An emergency package won’t do everything it needs to but it will buy some breathing space to fix the underlying problems of the energy market, and a social security system that has left people on incomes that can’t weather even much smaller shocks, having been hollowed out by a decade of cuts and freezes 

There is a very real risk that energy may increasingly become a luxury only the wealthy can afford

We have analysed the Ofgem price cap which will see average bills rise to £3,549 per year from October and new Cornwall Insight forecasts which shows bills could average £6,000 next year. We have developed a robust methodology to apply these figures to look specifically at their impact on households on low incomes, and it is now a quick calculation to see how badly they will hit – but the numbers surprised us so much we  triple checked them because they looked too bad to be true.  

The average low-income family will pay four and a half times more for energy in 2023/24 compared to 2021/22. Single parents will hand over almost two-thirds of their income after housing costs, putting their children at a very real risk of hunger.  

Most astonishingly of all, some single adults will see their finances more than wiped out by energy bills that make up almost 120 per cent of their income after housing costs, leaving many destitute. For pensioners in the same financial situation, energy will make up around 40 per cent of their disposable income. 

It is impossible to think a care worker or a shop assistant will have to scramble to find hundreds more pounds to pay for their heating or that the entirety of someone’s income for a whole year will be less than their energy bill.
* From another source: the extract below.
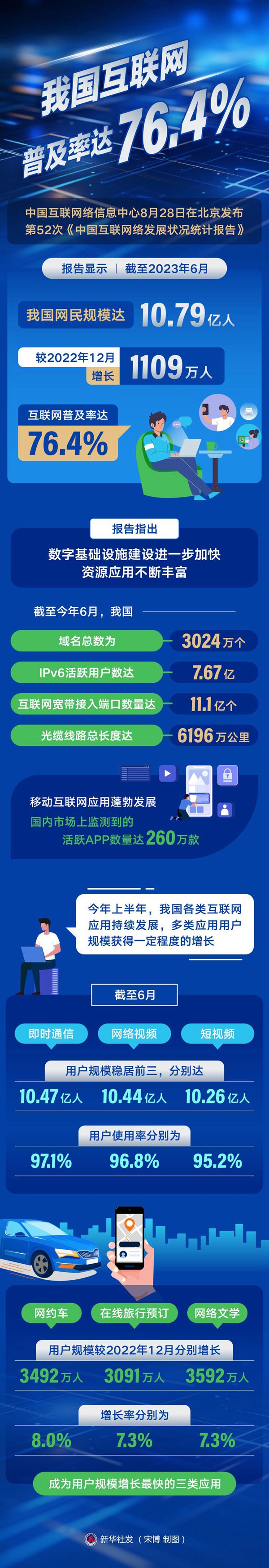 新華社北京8月28日電(記者王思北)中國(guó)互聯(lián)網(wǎng)絡(luò)信息中心28日在京發(fā)布第52次《中國(guó)互聯(lián)網(wǎng)絡(luò)發(fā)展?fàn)顩r統(tǒng)計(jì)報(bào)告》。報(bào)告顯示,截至2023年6月,我國(guó)網(wǎng)民規(guī)模達(dá)10.79億人,較2022年12月增長(zhǎng)1109萬人,互聯(lián)網(wǎng)普及率達(dá)76.4%。

But that’s what these figures suggest will be the case unless significant further steps are taken quickly. 

There is a very real risk that energy may increasingly become a luxury only the wealthy can afford, as low-income families will endure unthinkable bills that take a bigger bite out of their household budgets than those of the better off. 
 
With no end in sight, many of those who will struggle the most this winter will see their health affected and all aspects of their life diminishing as trying to pay for essential heating and power becomes all-consuming.  
 
This situation will make many of the injustices in our economy worse. In 2023/24, the poorest fifth of families, forecast to have an average income of £11,600 after taxes and paying for housing, will pay out, on average, almost half (46 per cent) of their income on energy bills.  
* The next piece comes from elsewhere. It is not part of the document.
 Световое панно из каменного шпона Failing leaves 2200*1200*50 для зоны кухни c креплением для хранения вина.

However, middle income families, with average incomes of £31,400, will spend less than half that share – a still historically large 19 per cent – paying the same bills. 

The crucial tests for any plan will be whether help is weighted toward the worst off, whether it is sufficiently large in scale and whether it covers the whole period of high prices – which now look set to last into next winter.  

Given the huge impact of these price rises on everyone, these tests are ones the next prime minister would be well advised not to fail.  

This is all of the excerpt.